**What to do**
Output only the stretch of the listing that starts at the line containing "V Břeclavi plánujeme" and ends at the line containing "当地时间2023年2月22日,印度海得拉巴,高温天气,人们围上头巾遮阳。", reproduced exactly with both ends.

**Supplied entries**
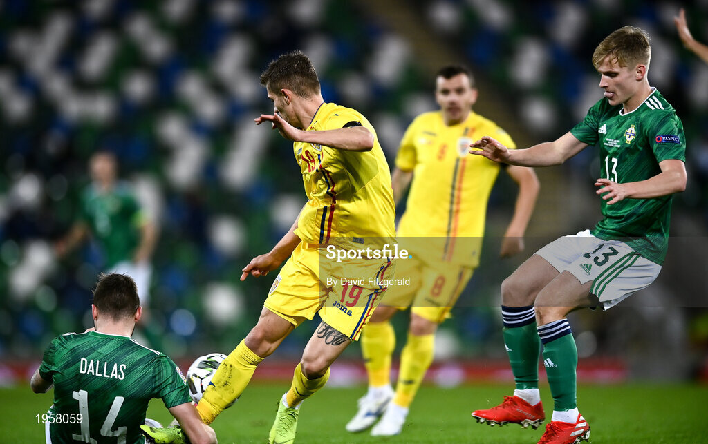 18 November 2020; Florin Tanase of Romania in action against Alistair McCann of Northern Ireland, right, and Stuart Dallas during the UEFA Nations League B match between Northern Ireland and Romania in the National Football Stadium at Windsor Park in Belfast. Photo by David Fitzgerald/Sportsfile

==

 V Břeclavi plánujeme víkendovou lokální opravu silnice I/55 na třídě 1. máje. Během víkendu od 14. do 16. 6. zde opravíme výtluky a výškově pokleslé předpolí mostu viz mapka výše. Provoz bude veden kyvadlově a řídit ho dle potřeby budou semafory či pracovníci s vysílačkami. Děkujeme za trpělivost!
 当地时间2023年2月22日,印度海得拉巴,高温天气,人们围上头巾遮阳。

**The answer**
 V Břeclavi plánujeme víkendovou lokální opravu silnice I/55 na třídě 1. máje. Během víkendu od 14. do 16. 6. zde opravíme výtluky a výškově pokleslé předpolí mostu viz mapka výše. Provoz bude veden kyvadlově a řídit ho dle potřeby budou semafory či pracovníci s vysílačkami. Děkujeme za trpělivost!
 当地时间2023年2月22日,印度海得拉巴,高温天气,人们围上头巾遮阳。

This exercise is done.